Tesco is one example of a turnaround the fund holds. The managers bought the stock in July 2016 and last month the retailer pledged to resume dividend payments in its 2017/18 financial year after pay-outs were cancelled in 2015.

“We hadn’t been invested in the food retail space for a very long time but there were two reasons we liked Tesco,” says Avigdori.

“One we knew [chief executive] Dave Lewis from his Unilever days and think he’s a strong executive. The second is anything that could have gone wrong has gone wrong with Tesco and that’s reflected in the fact it lost almost 98% of its operating profit.

“It had to deal with the accounting scandal, overcapacity in the UK, and overseas issues notably in the US, but one thing remained constant. Tesco is still the largest grocer in the UK and always has been. The market share was 30% at peak and is probably 28% today. And that’s really intriguing because it’s an industry where economies of scale are absolutely crucial.

“There’s a strong cash machine there and we think that will show itself in the next 3-5 years.”

The managers’ strategy appears to be working. The fund is one of the top performers in the UK equity income sector, returning around 32% over a three-year period compared to a peer group average of 21%, according to data firm FE. During this time period, it has grown its dividend by over 20%.

Fund researcher’s view: Darius McDermott, managing director, Chelsea Financial Services

This multi-cap fund had somewhat of an overhaul in 2013 when, Mark Wharrier returned to BlackRock and joined the management team.
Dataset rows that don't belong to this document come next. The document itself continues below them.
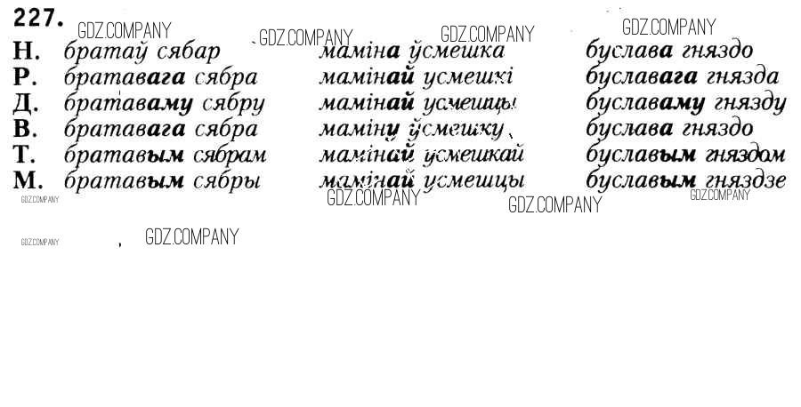 Здесь готовые ответы по Белорусскому языку за 6 (шестой) класс от Красней, Лаурель, Рачэўскі Учебник (издательство: Национальный институт образования от 2015 г.) № 227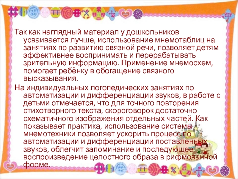 занятиях по развитию связной речи, позволяет детям эффективнее воспринимать и перерабатывать зрительную информацию. Применение мнемосхем, помогает ребёнку в обогащение связного высказывания.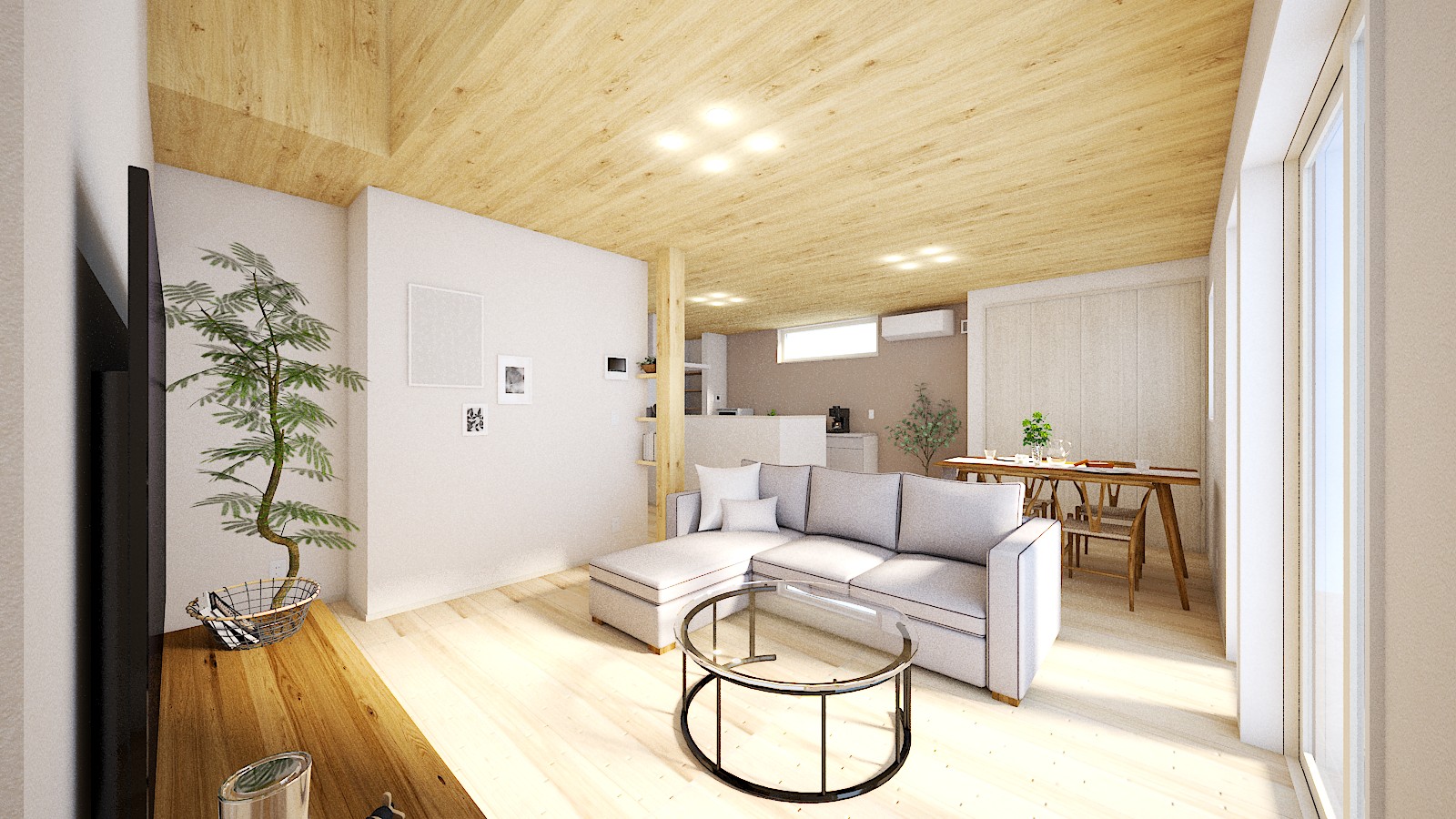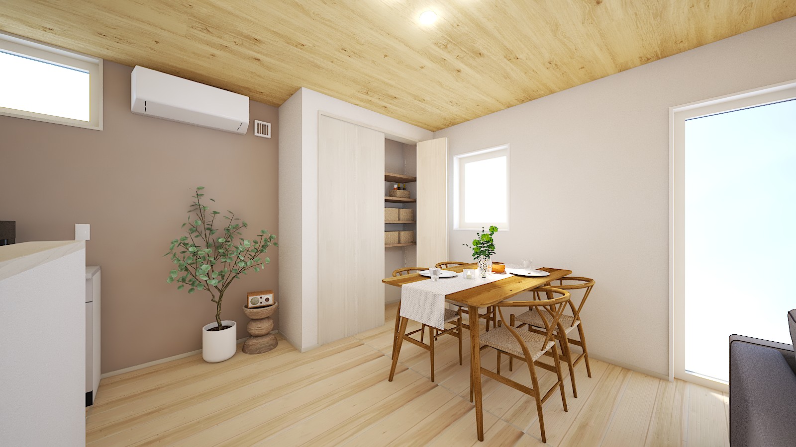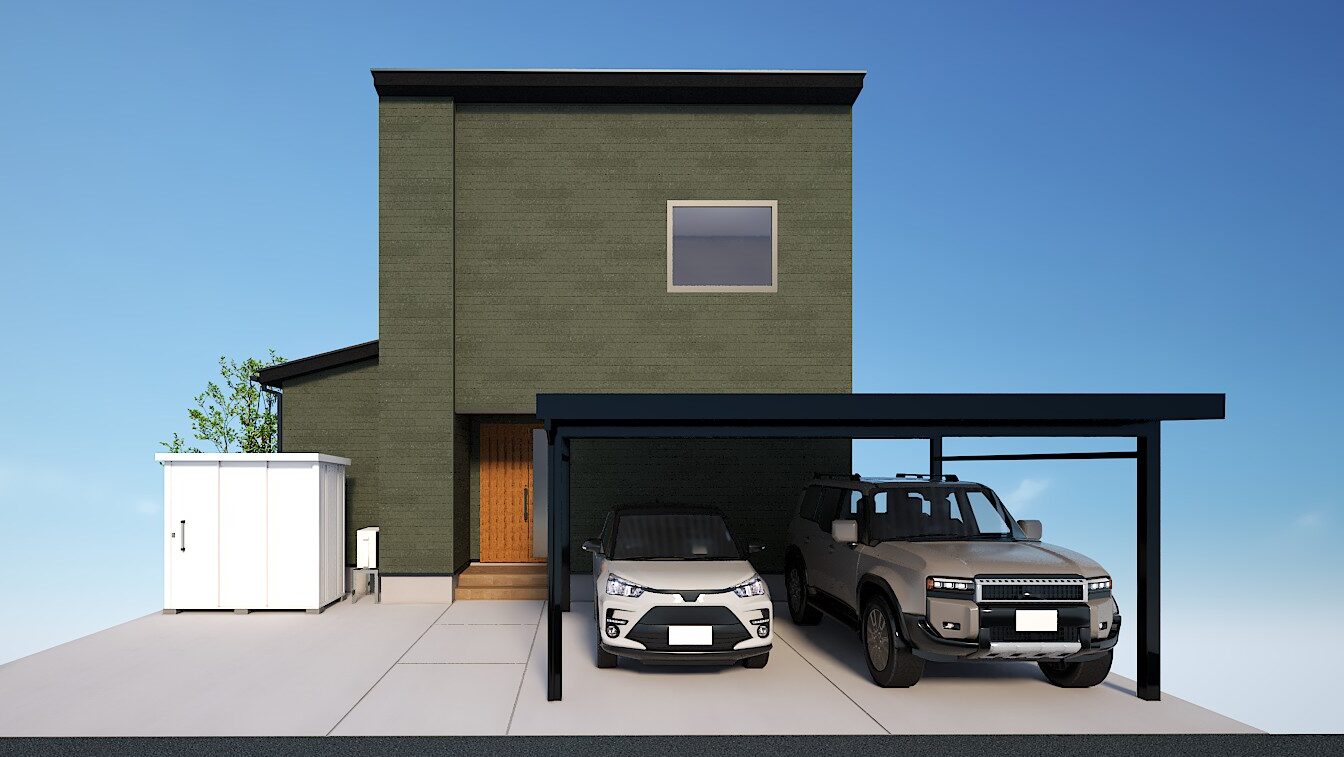 緑の木目がはえるスタイリッシュな外観とナチュラルテイストの内観が見どころのお住まいです。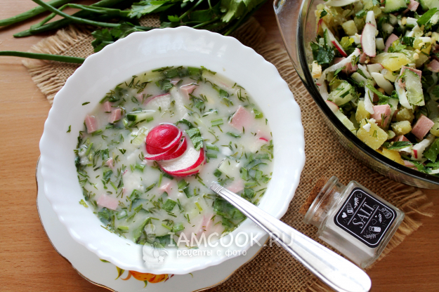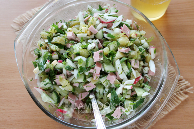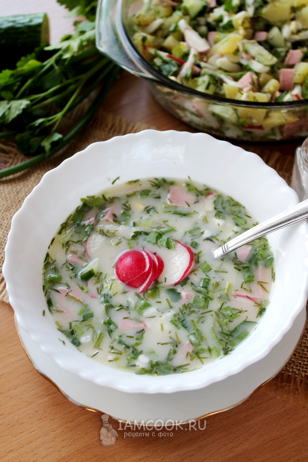 Окрошка на березовом квасе с колбасой готова!

Since Mark’s return, performance has seen a marked improvement. Having languished in third or fourth quartile for around three years, it is the second best performing fund in its sector since he was named co-manager (beaten only by Franklin UK Equity Income and by a very small 0.2%), outperforming the average fund by 13%.

I like the managers’ approach as it differentiates the fund in a very crowded and competitive sector and gives the portfolio a slightly different look and feel, not to mention some diversification if you invest in more than one of this type of fund.

The addition of David Goldman to the team will have also helped strengthen the debate amongst the managers when they each pitch their own ideas for the portfolio.